The first dictionary entry for “queer” defines the word as meaning “strange; odd.” As we know, this word has taken on many other meanings, depending on who’s using it and what is intended. Two galleries are currently presenting work that offers us the opportunity to contemplate the many ways this word is used, and the reasons we categorize anything as “strange or odd.”

In press materials for “Can’t Take My Eyes Off You” at Speedwell Projects (through Dec. 23), curator Faythe Levine describes the work on display, all by LGBTQ artists, as “a visual fabric of our collective love, rage, resistance, healing, and grief – amplifying the multitudes of ways queerness can exist.” At Zero Station, we have “Surfacing” (through Oct. 29), which highlights the work of three emerging Maine artists: Jarid del Deo, Meg Hahn and Mali Mrozinski.

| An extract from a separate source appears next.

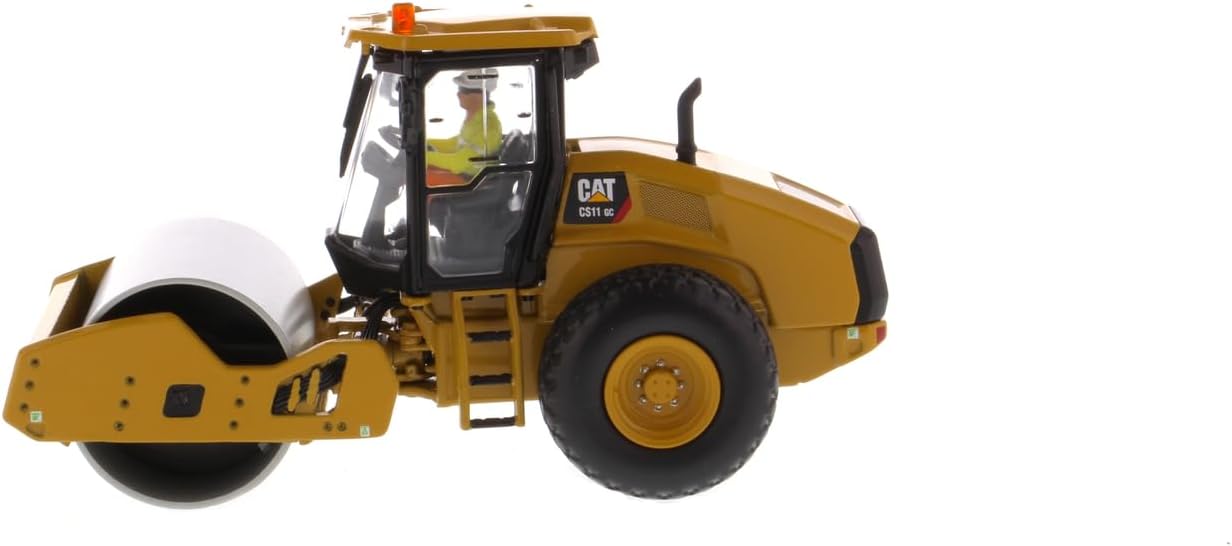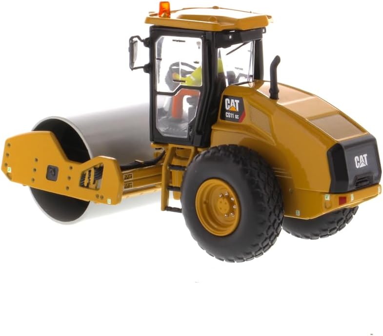AUTHENTIC SCALE REPLICA W/ OUTSTANDING DETAILS - Diecast Masters Caterpillar CS11 GC Soil Compactor in 1:50 scale includes authentic Caterpillar black & yellow paint, decals, and trade dress. The model features a large compacting drum at the front of the machine which can be rotated.

As I walked through “Can’t Take My Eyes Off You,” I kept thinking about an essay I read many years ago by Andrew Sullivan, the British-American conservative gay writer (a concept I still consider – dare I say? – odd, if not oxymoronic). Sullivan was attempting to evaluate what contributions gay people brought to the world. He hazarded a few ideas, but, as I recall at least, it came down to a sense of style, both aesthetically and in terms of joie de vivre.

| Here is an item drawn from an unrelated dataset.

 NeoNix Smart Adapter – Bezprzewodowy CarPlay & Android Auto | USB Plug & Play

Good god Andrew, I thought, is that really the best you can do? No one would accuse “Eyes” of being an assembly of polished, stylish work, though there is certainly joy and affirmation in much of it.

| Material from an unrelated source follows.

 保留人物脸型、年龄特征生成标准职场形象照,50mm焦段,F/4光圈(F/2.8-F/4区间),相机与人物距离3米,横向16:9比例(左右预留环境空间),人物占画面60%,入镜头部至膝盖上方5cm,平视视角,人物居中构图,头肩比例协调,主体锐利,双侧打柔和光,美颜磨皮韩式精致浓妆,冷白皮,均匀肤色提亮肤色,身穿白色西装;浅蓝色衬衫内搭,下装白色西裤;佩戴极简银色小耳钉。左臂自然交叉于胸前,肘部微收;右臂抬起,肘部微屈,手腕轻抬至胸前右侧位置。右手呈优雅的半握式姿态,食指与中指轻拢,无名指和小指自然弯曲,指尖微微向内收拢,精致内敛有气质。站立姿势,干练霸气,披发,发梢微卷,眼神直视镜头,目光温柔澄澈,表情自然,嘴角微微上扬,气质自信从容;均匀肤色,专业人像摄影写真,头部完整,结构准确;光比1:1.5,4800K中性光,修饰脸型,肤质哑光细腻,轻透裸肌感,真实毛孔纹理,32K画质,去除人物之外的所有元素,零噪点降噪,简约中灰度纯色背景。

Years later, when same-sex marriage became federally legal, I heard a more satisfactory (for me) explanation. A spiritual teacher I knew talked about the optimizing force of the universe, which is instrumental in moving humanity forward along the continuum of oneness, tolerance and acceptance. This optimizing force was pushing a new awareness to the surface not only about our LGBTQ brothers, sisters and non-binary family, but also further exposing the fallacy of “othering” in general.

Michelle Beaulieu-Morgan, “A Brief History Of How Music Made Me Queer,” 2022, embroidery floss and beads on fabric, 18” x 28” Photo by Luke Myers

The Maine-born lesbian and feminist artist Michelle Beaulieu-Morgan’s embroidery work, for instance – “A Brief History of How Music Made Me Queer” – certainly refers to her sexual orientation. But more profoundly it is an incarnation of what she has called her “too muchness,” an ebullience that was often treated as inappropriately obsessive during her youth.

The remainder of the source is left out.